▶ [SUPPLIED MATERIAL]:
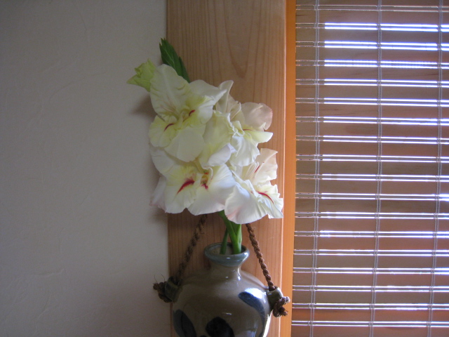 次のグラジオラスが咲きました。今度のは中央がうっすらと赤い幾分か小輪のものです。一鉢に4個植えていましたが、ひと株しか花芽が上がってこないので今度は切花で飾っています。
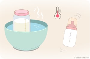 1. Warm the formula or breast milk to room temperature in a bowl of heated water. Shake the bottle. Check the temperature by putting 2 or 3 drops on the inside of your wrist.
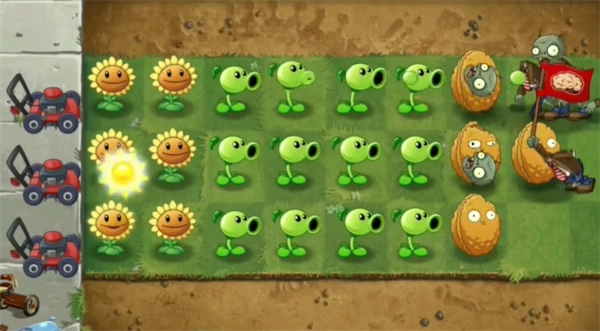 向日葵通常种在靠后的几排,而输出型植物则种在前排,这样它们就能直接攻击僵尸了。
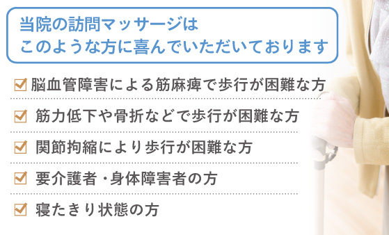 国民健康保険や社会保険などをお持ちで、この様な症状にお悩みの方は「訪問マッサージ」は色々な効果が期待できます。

...

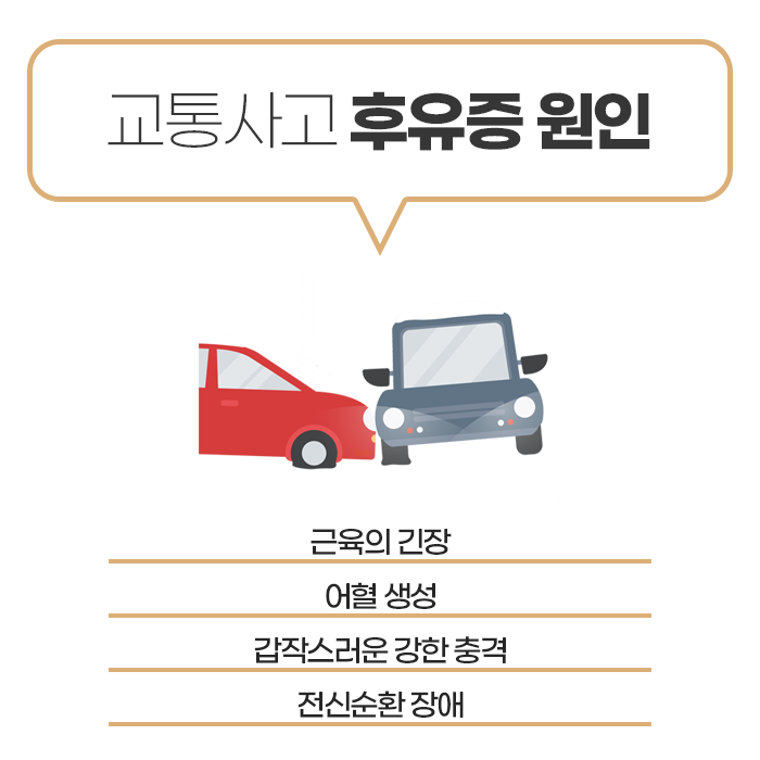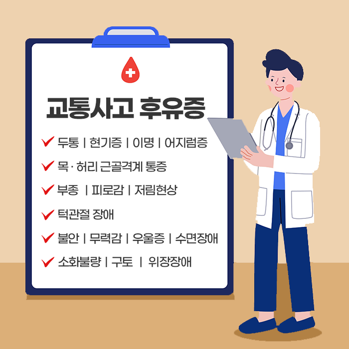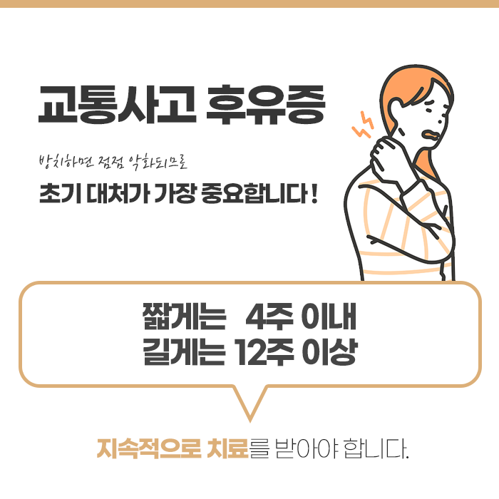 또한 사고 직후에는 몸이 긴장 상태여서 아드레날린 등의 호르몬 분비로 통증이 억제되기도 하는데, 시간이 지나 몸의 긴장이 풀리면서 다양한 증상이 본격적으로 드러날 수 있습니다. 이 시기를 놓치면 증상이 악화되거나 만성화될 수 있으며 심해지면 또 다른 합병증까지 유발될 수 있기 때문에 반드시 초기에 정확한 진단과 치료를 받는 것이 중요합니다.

--

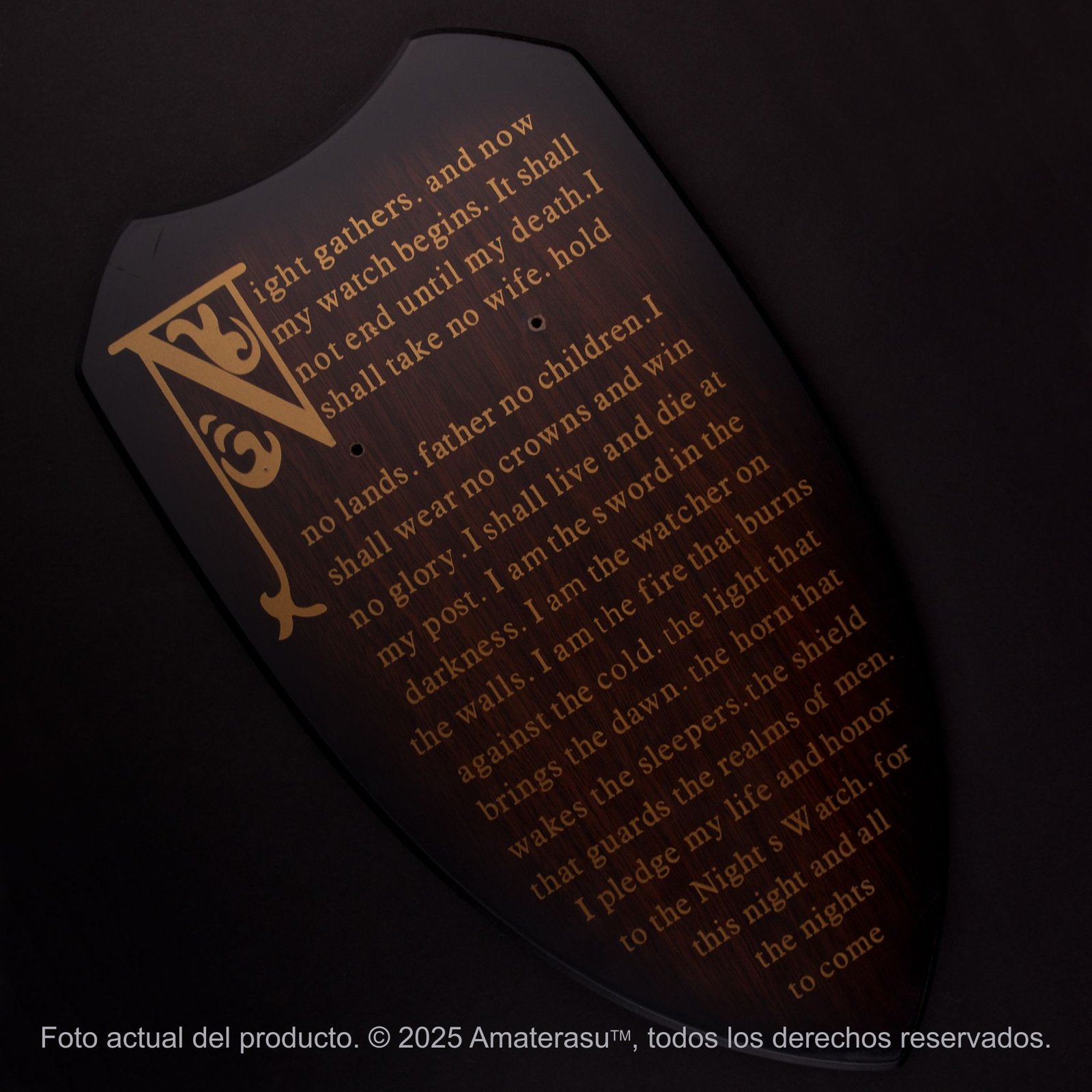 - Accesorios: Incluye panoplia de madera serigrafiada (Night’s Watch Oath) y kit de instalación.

▶ [WHAT YOU SHOULD DO]: Using the listing above, reproduce word for word every line from the one containing "向日葵通常种在靠后的几排,而输出型植物则种在前排,这样它们就能直接攻击僵尸了。" through the one containing "国民健康保険や社会保険などを". Pictures must be left out.

▶ [PROBLEM SOLUTION]:
 向日葵通常种在靠后的几排,而输出型植物则种在前排,这样它们就能直接攻击僵尸了。
 国民健康保険や社会保険などをお持ちで、この様な症状にお悩みの方は「訪問マッサージ」は色々な効果が期待できます。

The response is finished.